What is being asked = What is needed is an exact transcription of the line containing "cross section. |" and every line after it through the end of the entries below, with no pictures.

==== Exercise input ====

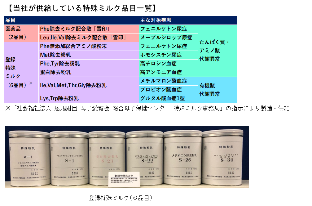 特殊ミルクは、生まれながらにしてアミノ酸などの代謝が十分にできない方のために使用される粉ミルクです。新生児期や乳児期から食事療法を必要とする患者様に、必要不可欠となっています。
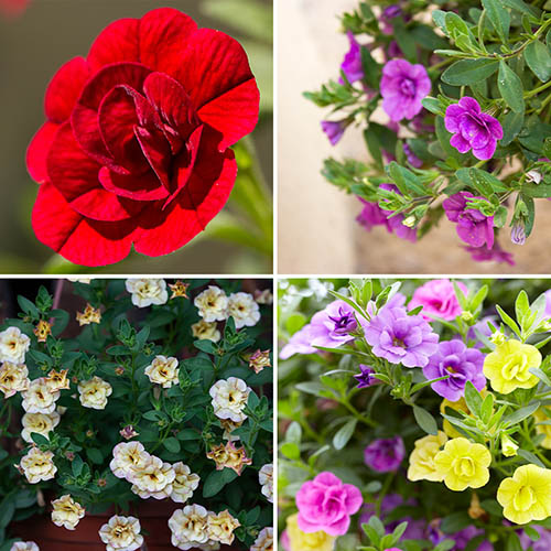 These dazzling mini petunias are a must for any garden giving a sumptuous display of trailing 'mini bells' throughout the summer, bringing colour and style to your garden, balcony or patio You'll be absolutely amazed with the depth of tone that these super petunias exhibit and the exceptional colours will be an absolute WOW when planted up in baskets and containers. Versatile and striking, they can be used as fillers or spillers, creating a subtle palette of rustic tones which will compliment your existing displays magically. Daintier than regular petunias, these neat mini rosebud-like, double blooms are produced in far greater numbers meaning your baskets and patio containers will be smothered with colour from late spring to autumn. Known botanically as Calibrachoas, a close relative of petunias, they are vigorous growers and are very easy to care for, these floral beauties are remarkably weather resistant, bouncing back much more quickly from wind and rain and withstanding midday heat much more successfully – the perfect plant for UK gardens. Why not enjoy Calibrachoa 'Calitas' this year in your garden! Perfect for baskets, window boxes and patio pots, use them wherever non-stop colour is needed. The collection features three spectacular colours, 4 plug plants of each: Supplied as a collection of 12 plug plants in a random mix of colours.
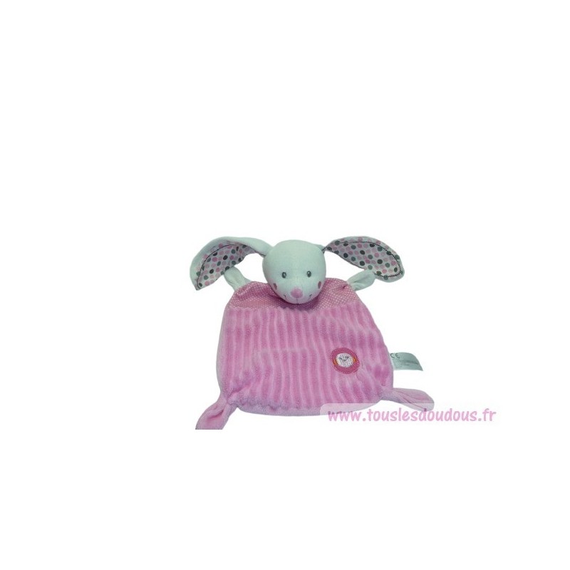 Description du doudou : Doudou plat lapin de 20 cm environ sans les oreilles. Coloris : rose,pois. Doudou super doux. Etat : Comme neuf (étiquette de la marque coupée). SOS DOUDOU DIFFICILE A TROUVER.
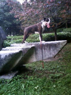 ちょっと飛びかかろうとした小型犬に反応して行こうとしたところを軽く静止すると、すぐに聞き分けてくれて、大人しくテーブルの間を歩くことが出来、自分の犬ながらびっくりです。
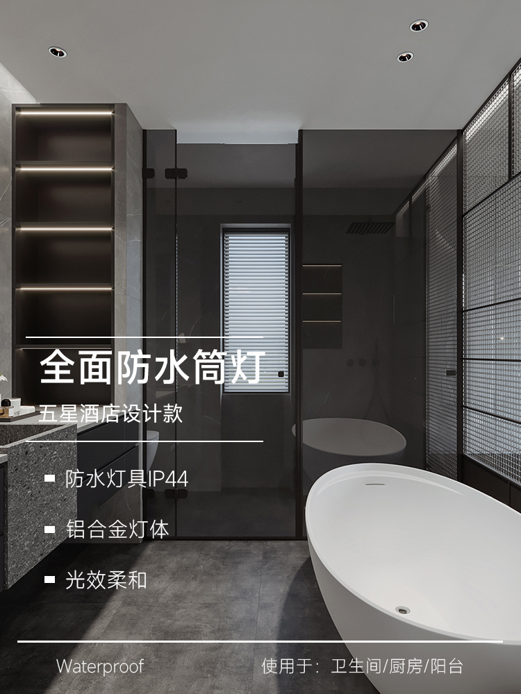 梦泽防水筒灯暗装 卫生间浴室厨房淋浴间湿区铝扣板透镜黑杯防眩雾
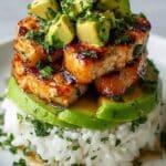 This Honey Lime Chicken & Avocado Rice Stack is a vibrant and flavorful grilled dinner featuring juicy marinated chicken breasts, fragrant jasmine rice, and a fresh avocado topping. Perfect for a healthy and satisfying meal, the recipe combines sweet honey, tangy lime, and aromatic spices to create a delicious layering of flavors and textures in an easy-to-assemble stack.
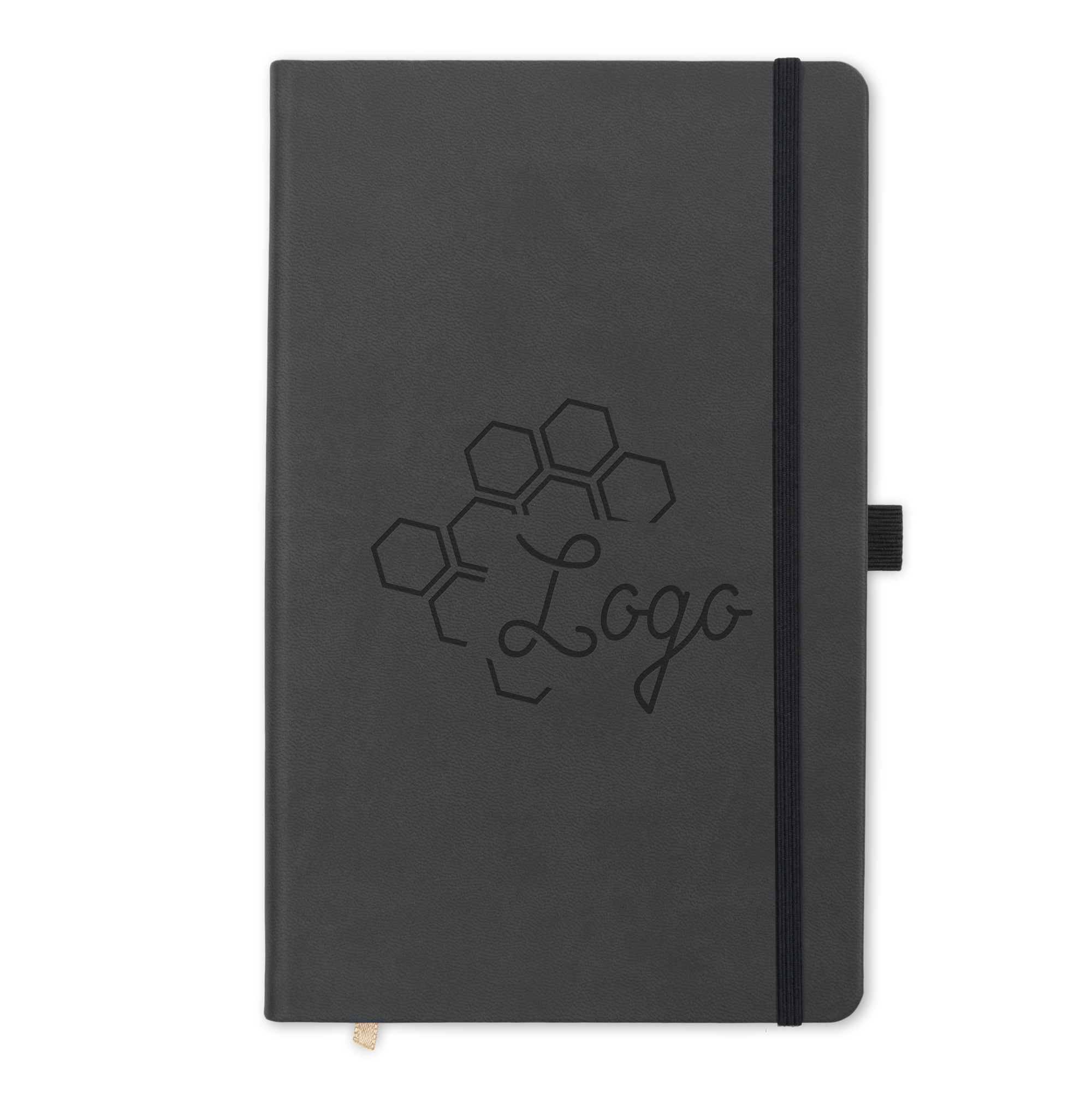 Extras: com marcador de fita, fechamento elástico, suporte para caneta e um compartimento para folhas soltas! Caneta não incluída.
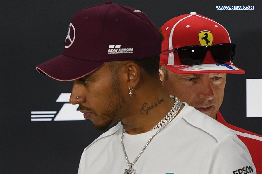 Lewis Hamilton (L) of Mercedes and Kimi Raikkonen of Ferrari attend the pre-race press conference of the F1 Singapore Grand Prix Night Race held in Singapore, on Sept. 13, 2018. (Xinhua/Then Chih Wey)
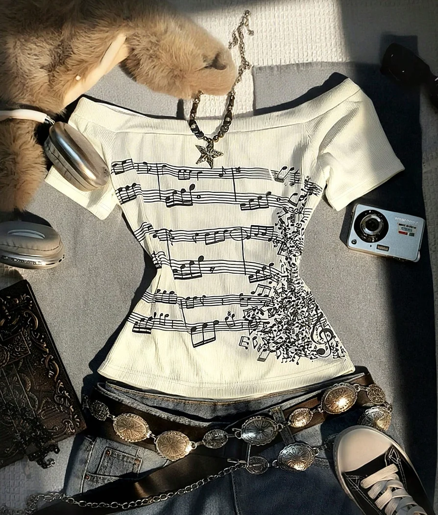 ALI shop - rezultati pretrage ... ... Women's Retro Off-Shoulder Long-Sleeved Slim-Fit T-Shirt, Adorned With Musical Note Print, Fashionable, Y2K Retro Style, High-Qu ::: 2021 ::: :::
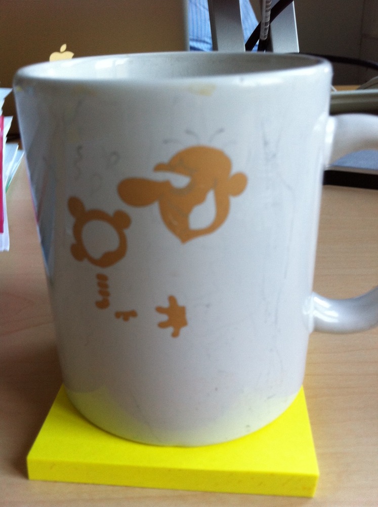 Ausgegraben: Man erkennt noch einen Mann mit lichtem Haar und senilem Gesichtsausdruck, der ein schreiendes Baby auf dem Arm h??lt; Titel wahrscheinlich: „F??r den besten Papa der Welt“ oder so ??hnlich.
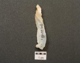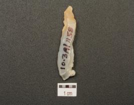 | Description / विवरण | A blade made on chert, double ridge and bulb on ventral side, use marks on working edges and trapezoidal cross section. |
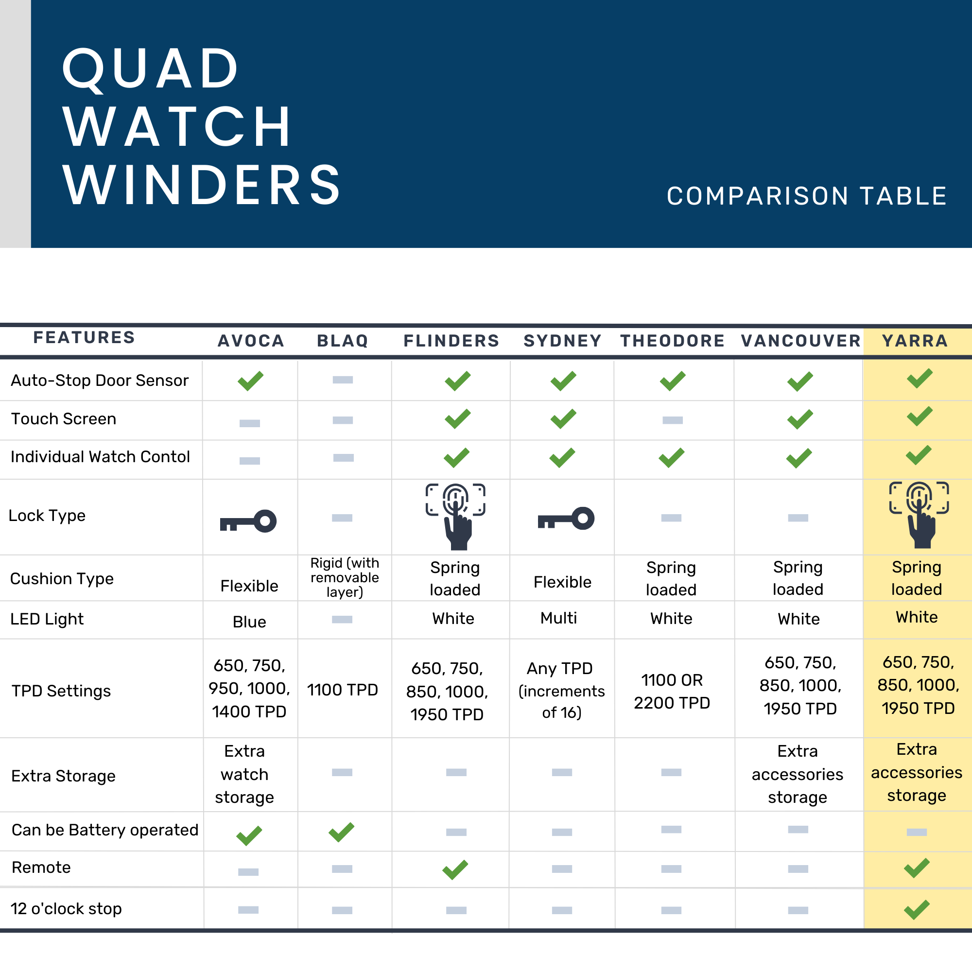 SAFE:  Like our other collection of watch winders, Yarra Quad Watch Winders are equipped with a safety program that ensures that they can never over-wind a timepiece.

====

Result =
 | Description / विवरण | A blade made on chert, double ridge and bulb on ventral side, use marks on working edges and trapezoidal cross section. |
 SAFE:  Like our other collection of watch winders, Yarra Quad Watch Winders are equipped with a safety program that ensures that they can never over-wind a timepiece.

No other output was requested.